The Senate Democrats’ campaign arm, the DSCC, hasn’t endorsed in the Maryland race -- either Van Hollen or Edwards would be favored to keep the seat in deep blue Maryland in a presidential election year -- but there’s no question most of the sentiment on Capitol Hill is in Van Hollen’s favor.
The Maryland race especially has opened up fissures of ideological purity and race, with Edwards making explicit appeals for diversity in the Senate, where she would be the sole African-American woman.
Beyond that, Edwards has attacked Van Hollen’s record as insufficiently pure in opposing cuts to entitlements like Medicare and Social Security.
And she’s gone after Van Hollen for a compromise he crafted with the National Rifle Association on a campaign finance disclosure bill -- one critical to passing it out of the House. That attack has brought rebukes from Democratic leaders and irked Van Hollen.
But it’s also the kind of issue Republican leaders have struggled with repeatedly with the ultra-conservative House Freedom Caucus -- is it better to push an ideologically pure agenda that fails to get the votes or make compromises for a broader goal?
Van Hollen has taken a line that he’s the progressive with the long record of results, and said that’s what Maryland progressives are looking for.
"They want results and Tea Party politics doesn’t get you results," Van Hollen said in an interview after he greeted voters at the Greenbelt, Maryland, Metro station Thursday. "There’s some things where we will fight to the finish -- a women’s right to choose and protecting people’s Social Security -- but obviously we should look for common ground where possible, because if you have people who are absolutely all or nothing, the people of Maryland get nothing."
Drawing a Line
Edwards said she finds Van Hollen’s remarks “offensive” when he implies she isn’t effective.
“All of us understand that in the legislative process it would be naive to think we can get everything perfectly,” she said after a voter rally at New Shiloh Baptist Church in Baltimore Thursday evening. “The question is, where are you willing to draw that line?”

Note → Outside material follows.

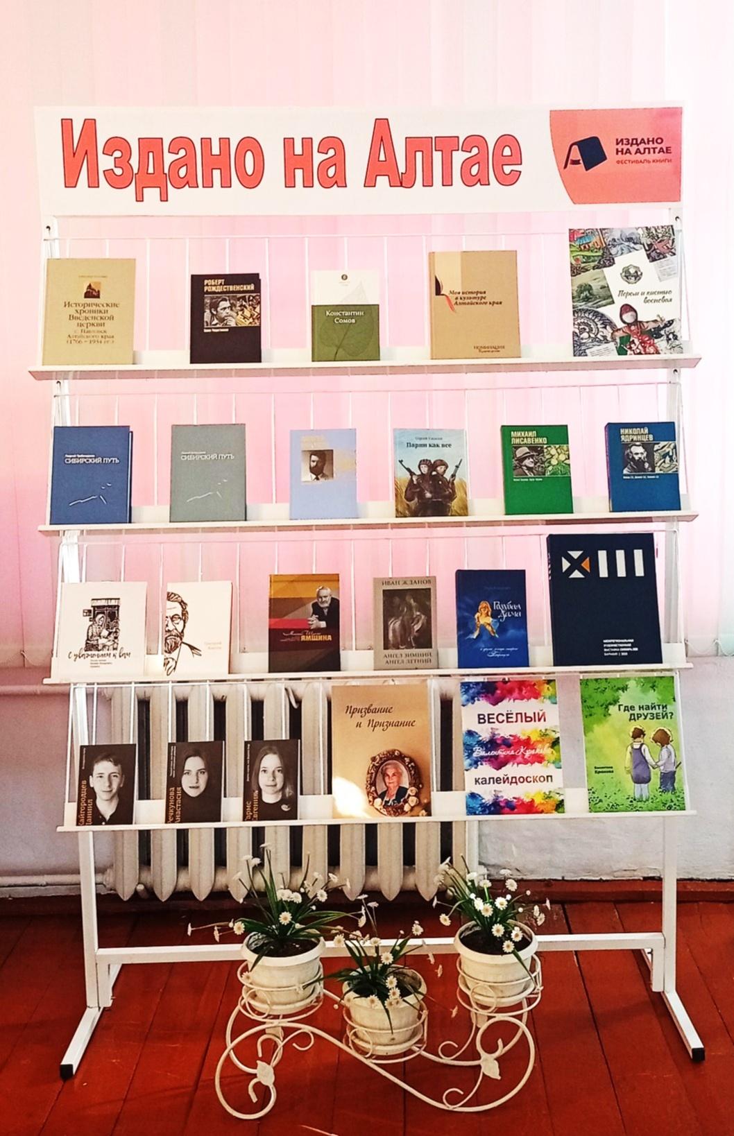 На книжной выставке-презентации «Издано на Алтае» представлены книги алтайских авторов, изданные в 2024 году и поступившие в фонд нашей библиотеки. Вниманию пользователей представлено книги, вышедшие в различных издательствах региона. Среди них — фотоальбом «Пером и кистью воспевая», сборник воспоминаний ветеранов культуры «Моя история в культуре Алтайского края», сборник исследований Коленько А. П. «Исторические хроники Введенской церкви с. Павловск Алтайского края», книги серий: «Литературное наследие Алтая», «Алтай. Судьба. Эпоха», «Молодой голос Алтая» и других губернаторских издательских проектов.

She pointed to her own backing of the Affordable Care Act as a sign of her willingness to compromise, but said some things should never be on the table. “It’s one thing to negotiate and compromise, but we don’t negotiate on principle, and for me Social Security isn’t a program, it’s a value.”
She doesn’t deny that Van Hollen is the favorite of many party leaders, but says that’s not what the voters are looking for.
“What I’ve seen all across our state is that people are tired of a group of guys behind some doors picking and choosing our candidates,” she said. “People are tired of that kind of status quo, establishment politics.”
Sroka adds that there’s a difference between the liberal groups’ push for purity on issues like Social Security and the issues of the Tea Party.
“The difference is we’re trying to encourage Democrats to embrace policies and issues and fights that are good on both policy and politics,” he said.
Tea Party positions would force a lot of Republicans to commit political suicide, he said.
“In this case, what we are saying is we want a candidate to be the next senator who knows not just which side she’s on, but stands with us and is ready to fight,” Sroka said.
Van Hollen, who gave up a House career that had him rocketing up the leadership ladder, appears to be surging in the polls over recent weeks as he’s lined up a string of endorsements, including from The Washington Post and The Baltimore Sun.
But an Edwards victory, or near-victory, could help reshape the landscape when another third of the Senate is up for re-election in 2018.